I’m a voracious reader of travel memoir, but I’ve come across very few memoirs set in Oxford, where I once lived and which still has my heart. (Which makes it an even better idea for me to write an Oxford travel memoir one day.) So, when I read about Surprised by Oxford on Sarah’s blog, I wasted not a moment in ordering it.

The cover – a view of the front quad of Oriel College, where author Carolyn Weber studied – made me catch my breath. I know those spires, rising so elegant and clean against that blue sky. I’ve got a photo, somewhere, of that same quad (though I’ve never actually made it inside Oriel yet). Even the title evokes the life of another Oxford friend: C.S. Lewis, who called his memoir Surprised by Joy – which I think Caro was, too.

Caro’s story differs from mine in several important ways: she is Canadian, I am American; she studied at Oriel while I earned my master’s from Oxford Brookes; she parted ways with the fiance she’d left behind at Christmastime, whereas I did marry the man who’d waited so patiently for me back in Texas. Most importantly, Caro came to Oxford as an agnostic, and I was already a Christian when I came.

But the places she lived and studied and ate – Blackwells Bookshop, the Bodleian Library, Jamal’s Indian restaurant in Jericho), even the streets – were all intimately familiar to me.

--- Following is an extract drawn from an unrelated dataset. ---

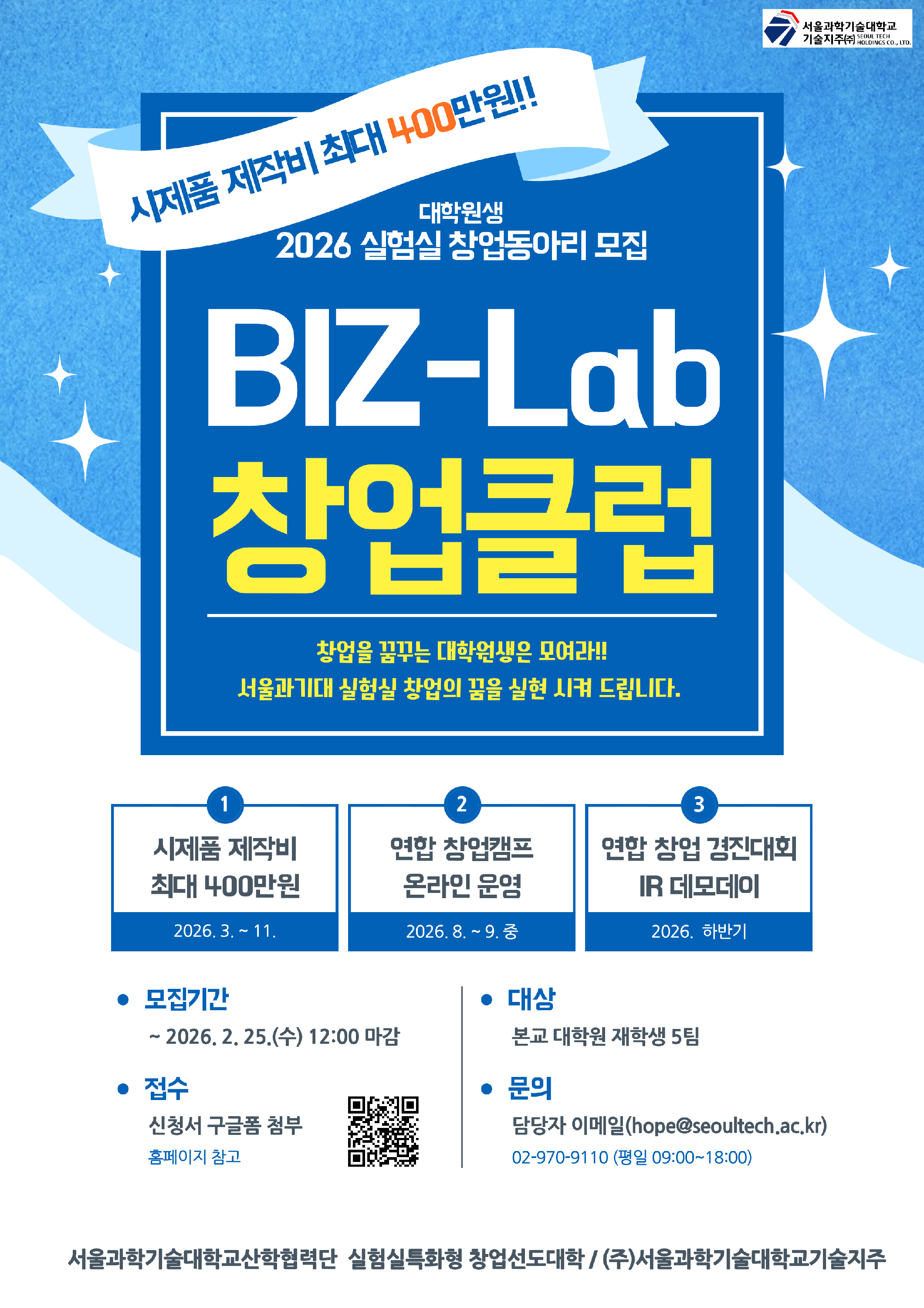 "2026 BIZ-Lab 창업클럽" 모집안내서울과학기술대학교 기술지주 에서는 창의적인 아이디어를 가진 대학원생을 대상으로 다양한 창업 인프라 지원을 하고자"2026 BIZ-Lab 창업클럽" 을 모집하고 있습니다.시제품 제작비 최대 400만원의 지원금을 받을 교내 대학원생들의 많은 참여 바랍니다.

I couldn’t turn a page without feeling a ping of recognition – high tea at the Randolph! May Morning at Magdalen Tower! Turn Again Lane down by St Ebbe’s Street! If there had been a map included with the book, it would have closely resembled my own internal one of Oxford. And although my faith story looks quite different than hers in some respects, the ping of recognition also extended to her journey toward God.

Caro is a scholar, a lover of literature and poetry – and she quotes liberally from the greats, including Donne, Wordsworth and so many others, as she struggles to make sense of this new faith which calls to her. She’s also, like me, a woman and a feminist struggling with what has long been a male-dominated institution (at least in the Protestant West), and a curious mind with a lot of questions. Most importantly, she is utterly, disarmingly honest about her questions and doubts and fears. (She also has a wonderful sense of humor, even slipping in the occasional pun for some comic relief.)

I read her story over several days, sinking deeply into it the way you sink into a long talk with a good friend. (The way, indeed, I used to sink into talks with Jacque or Lizzie or Nicky or Jo, when I lived in Oxford.) I pondered Caro’s questions along with her, rooted for her budding love story, and delighted in every single allusion to a familiar street or shop or building in this city I love. Short of hopping a plane back to Oxford, it was the best (beautifully written) way to assuage the longing for the place I still call home.